International career
- 2006–2018: United Arab Emirates / 78 / (0)

= Majed Naser =

Emirati footballer (born 1984)

Majed Naser Humaid Bakheit (ماجد ناصر حميد بخيت; born 1 April 1984) is an Emirati footballer who plays as a goalkeeper for Al-Hamriyah. He was called to United Arab Emirates national football team at 2007 and 2011 and 2015 AFC Asian Cups.

==Early life==
Majed Naser was born in Fujairah, UAE.

==Controversies==
He has a reputation of being short-tempered which caused him to have a history of on-pitch assault that often exposes him to lengthy suspensions. Among them: In 2001, while playing for the youth team of Fujairah SC, he was sentenced to a one-year suspension and a fine of 6,000 dirhams for verbally and physically assaulting the referee, and throwing a rock at the assistant referee during his team's Cup Match against Al Shabab Club.
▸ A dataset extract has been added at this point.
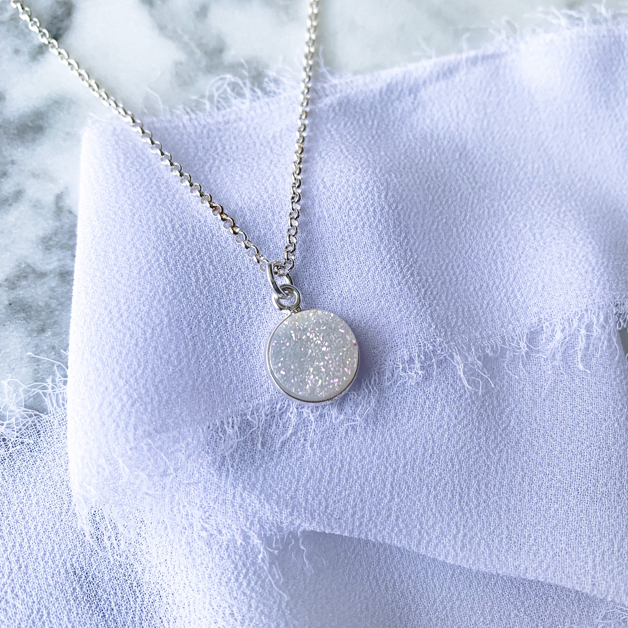 Our round druzy gemstone is edged in gold Vermeille and hangs from an 18 inch 14k gold filled chain.

In 2007, In the season's first League Match against Al Jazira Club, Majed assaulted the assistant referee, Saeed Al Hoti. He was then sentenced to a 13-match ban and a 10,000 dirhams fine. It was reduced later by the Appeal Committee to 5 matches only. In 2011, a single match ban and 1,000 dirhams fine were imposed on Majed Naser for throwing one of the chairs scattered around the pitch during a League match against Al Wahda FC. In 2012, Majed received a 17-match ban and was fined 30,000 dirhams after slapping Ahli Dubai's coach Quique Flores after the semi-final of the Etisalat Cup. Majed announced his retirement of football following the ban sentence, but has changed his mind later. In 2012, Majed had been suspended by his club for the entire 2012–13 season following a red card for butting an opponent in a defeat by Al Muharraq SC.